Each compressed section is fed a different multi-file Luigi blob and asked to be locally complete. As a result the four sections routinely surface the same primitive ("minimum viable rental rate", "off-peak hourly price", "speculative high hourly rate") under different phrasings. The redundancy is a feature: it gives the downstream consumer enough hooks to canonicalise correctly. Pushing canonicalisation upstream into the compressor would couple it to extractor schema decisions and lose the per-section provenance trail. The downstream extract-parameters-from-digest skill prompt carries the canonicalisation rule with concrete merge patterns ("collapse all hourly-rate phrasings to one *_hourly_rate_dkk id, drop the rest").

Fix prompts, not outputs

When external review (ChatGPT and similar) flags a flaw in a generated artifact — a compressed digest, a parameters.json — the fix belongs in the prompt or code that produced it, not in the artifact itself. Hand-patching the output is a local one-shot fix; the underlying generator still has the bug, so the next run reproduces it. The cost of a real prompt fix is one edit plus a re-run; the cost of repeated hand-patches is unbounded. This applies equally to bucket-prompt issues in compress_report_section.py and to schema/canonicalisation issues in the downstream extract-skill prompt.
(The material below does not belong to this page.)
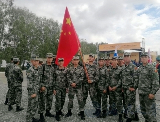 中国参赛队员比武前在俄罗斯赛场合影
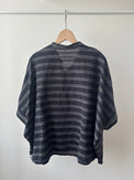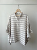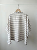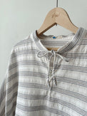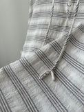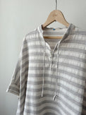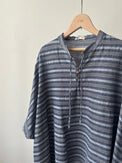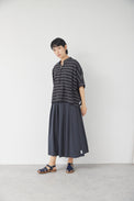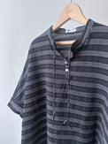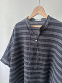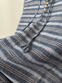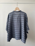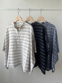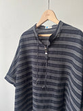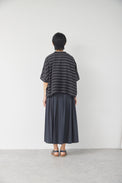 生地を横地使いにしたボーダー柄シャツです。スキッパー衿に、共生地の紐やループ釦を配し、細かな手仕事の温もりを感じられるアイテムです。 生地は、コットンカラミをベースにストライプに仕上げた生地です。織り柄と、配色で組み合わせた、バランスの良いストライプピッチです。シャリ感があり、ドライタッチな風合いが特徴です。

Budget and revenue are not the same denominator

A v26-era extract bug computed rental_revenue = budget * rental_share because the prompt did not draw the distinction explicitly. The plan's 25% rental share is a fraction of Year 1 revenue, not of Year 1 budget — those are different quantities in any commercial plan. Without an explicit rule, the LLM substituted budget for revenue because budget was the only absolute amount available in the digest. The fix lives downstream in extract-parameters-from-digest/system-prompt.txt (the "Budget vs revenue denominator rule"), but the compressor should be aware: when a section quotes a revenue-mix percentage and a budget total, the compressor should not let the language collapse the two — keep budget and revenue framings distinct in line_english so downstream canonicalisation has clean signal to work from.

Implementation

The compressor lives in worker_plan/worker_plan_internal/parameter_extraction/:

compress_report_section.py — schemas, system and per-bucket prompts, six-call chained orchestration, code-side annotation and forced-status override, markdown render. The composite ranking score combines source_evidence * modelling_relevance, a code-verified quote bonus, and a language-neutral numeric-density bonus. The missing_data_to_estimate bucket prompt carries the denominator-pairing rule. The shared line_english prompt carries the number-word digit-annotation rule.
run_compress_full.py — driver that builds each job's multi-file blob in the same shape the corresponding Luigi task uses, then runs all four compress jobs
tests/test_compress_report_section.py — schema shape, section-type normalisation, markdown render, forced-status override, English/original-language split, language-neutral numeric-density bonus, and composite-score head-to-head ordering

The first downstream consumer lives in experiments/napkin_math/:

prepare_extract_input.py — assembles the 137-recommended 8-section bundle (four compressed + four raw), with Strategic Decisions replaced by Selected Scenario per this proposal
.claude/skills/extract-parameters-from-digest/ — sibling of extract-parameters-from-full that reads the assembled bundle and emits a parameter-extraction JSON; system prompt carries the cross-section canonicalisation rule and the budget-vs-revenue denominator rule

Invoke as:

python -m worker_plan_internal.parameter_extraction.run_compress_full

with optional COMPRESS_FULL_LLM, COMPRESS_FULL_SAMPLE_DIR, and COMPRESS_FULL_OUTPUT_DIR overrides.